REV. JOHN WISWELL.

John and Thomas Wiswell were early residents of Dorchester. John's name is found in the records as early as 1634. His brother Thomas came to Dorchester about 1635. Noah, son of Thomas, born in 1640, was a military man, and was in command in the desperate battle with the Indians near Wheelwright's Pond, N. H., where he and his son John were killed, July 6th, 1690. Another son of Thomas, Inchabod, born in 1637, was minister of Duxbury. He had a son Peleg, born in 1683, who was schoolmaster at Charlestown in 1704. John Wiswell, son of Peleg, married Elizabeth, daughter of Dr. Samuel Rogers, graduated from Harvard College in 1705, was a master of a Boston Grammar School in 1719. He died in 1767, aged 84 and is buried in Copps Hill burying ground.

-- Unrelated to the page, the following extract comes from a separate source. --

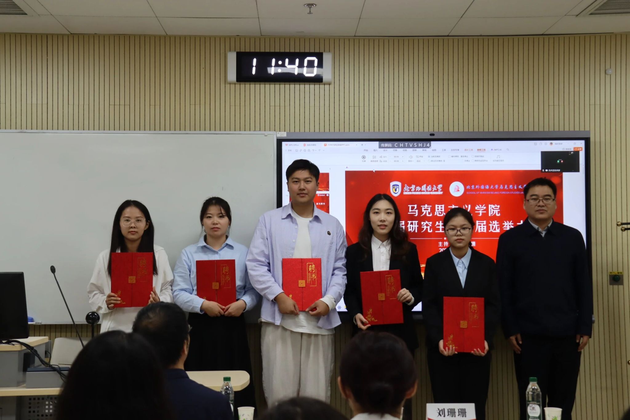 祝和军为新一届研究生会成员颁发聘书,与会师生合影留念。

John Wiswell, son of the aforesaid, was born in 1731, and graduated from Harvard College in 1749. In 1753 he was teaching school in Maine, but he pursued the study of divinity as a Congregationalist. Occasionally he preached, and in 1756 he was invited to become the pastor of the New Casco parish in Falmouth, now Portland, and was ordained November third of that year. In 1761 he married Mercy, the daughter of Judge John Minot, of Brunswick.

In 1764 John Wiswell suddenly changed his religious views and left his people. He embraced the Episcopal form of worship, and preached for several Sundays in the town-house. On September 4, 1764, the Parish of St. Paul's Church, Falmouth, was organized and Mr. Wiswell was invited to become their rector. For want of a bishop in the colonies, he was obliged to go to England to receive ordination. A writer at this time says, "There was a sad uproar about Wiswell, who has declared for the church and accepted of the call our churchmen have given him to be their minister." They voted him £100 a year and later he received £20 as a Missionary from the Missionary Society. After a year's elapse, he was able to report to the Society in London for the propagation of the Gospel in Foreign Parts, that his Congregation had increased to seventy families, and the admittance of twenty-one persons to the communion. In 1765 the parish addressed a letter to the Rev. Mr. Hooper of Boston, asking his good offices in enlisting the sympathy of the churchmen there, in behalf of their oppressed fellow-worshippers in Falmouth. John Wiswell was an ardent Loyalist, as were about twenty of the leading men of his church. He continued to preach until the revolution broke out. After the trouble came in the colonies, he was seized while out walking one day with Captain Mowatt, by Colonel Samuel Thompson of Brunswick, who had arrived with about fifty men unknown to the inhabitants. Colonel Thompson refused to release Mr. Wiswell, and Captain Mowatt, but finally seeing that the town was against him, he consented to release them if they would give their parole to deliver themselves up next day. After his capture, the clergyman was obliged to declare his abhorrence of the doctrine of passive obedience and non-resistance, and was then released. Mr. Wiswell now joined the British Forces, and after going on board a man-of-war addressed a letter to the wardens of his church, resigning his charge. After Captain Mowatt burned Falmouth, he sailed to Boston, and then to England. After leaving his parish he was for three years a chaplain on the British Naval Ship Boyne, and later for a short time was a curate in Suffolk. He and fifteen others from Falmouth had their estates confiscated, and were banished.

At the close of the war, Mr. Wiswell accepted the call of some of his former parishioners, and settled in Cornwallis, Nova Scotia, over a parish they had formed there, and in 1782 he was appointed a missionary of that place. Having lost his first wife, he married a widow Hutchinson from the Jerseys, as the Rev. Jacob Bailey, the frontier missionary writes, who married them. John Wiswell was afterwards a missionary at Aylesford, and after a very full and worthy life, died at Nova Scotia in 1812, at the age of eighty-one. He left two sons, born in Falmouth, who were Lieutenants in the Navy. Peleg, one of his sons, was appointed Judge of the Supreme Court, of Nova Scotia, in 1816 and died at Annapolis in 1836, at the age of seventy-three. When the Rev. John Wiswell lived in Falmouth, Maine, he occupied a house painted red, which stood on the corner of Middle and Exchange Streets, afterwards owned and occupied by James Deering, and which gave place to the brick block built by that gentleman.